Sobre essa turnê, posso falar que Milena e eu chegamos muito perto de ver a banda. A gente tinha ingressos para os dias 4 e 6 do Rock In Rio, pois queríamos muito ver a turnê de despedida do Slayer, que iria tocar na noite do metal (sexta, dia 4) com Anthrax, Iron Maiden, Helloween e outros. Depois queríamos ver Muse e King Crimson (domingo, dia 6). Acabou ficando muito complicado para ir, pois o preço das passagens escalaram valores altíssimos, claro que deixamos para comprar em cima da hora, e tantas outras questões. Como não queríamos deixar de ver a última turnê do Slayer aproveitamos o show que eles marcaram para o dia 2 de outubro, no Espaço das Américas, em São Paulo. Vendemos facilmente os ingressos do Rock In Rio e viajamos para nos despedir da banda Infelizmente, por conta de compromissos com o sistema opressivo capitalista, não pudemos ficar até o dia 4, show do King Crimson, que também foi no Espaço das Américas.

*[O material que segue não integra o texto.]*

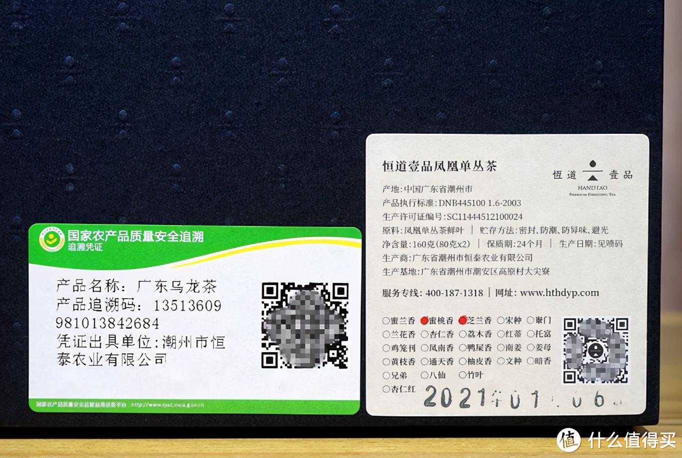 第一款是恒道壹品的蜜桃香和芝兰香组合装。两种茶叶各80g,总的重量160g,京东价格是399元,一斤单价算下来是大约1200元/斤。拆开算的话,单买蜜桃香是1500元/斤,单买芝兰香是920元/斤。在包装上,千元以上的产品果然高档很多。包装盒上贴着有机茶的朔源码,还有产品标签,注明产地、生产标准和具体香型。从贴纸上可以看出恒道壹品的茶共有24个香型。其他香型我准备这段时间慢慢来试。蜜桃香是金色罐,芝兰香是红色罐。包装盒中还附了有机茶检测报告证书和一个玉米纤维泡袋,可以用于装细碎茶叶泡茶。这两种茶叶中,蜜桃香是恒道壹品的明星产品。手工精选版的蜜桃香曾经拿过比赛大奖,一斤可以卖到上万元。而我们在电商买到的算是销售版,品质不如参赛版本,但是也可以从中领略一下蜜桃香的独特之处。

Lamentamos muito não ter visto nenhum dos dois shows. É o tipo de acontecimento que não se perde, mas, infelizmente, perdemos duas oportunidades. Dá um certo sentimento de incompletude só de lembrar que a apresentação começava com “Drumsons”, uma peça para três baterias. Para essa turnê, a banda era composta por oito integrantes, incluindo três bateristas tocando ao mesmo tempo, como foi possível ver pela TV.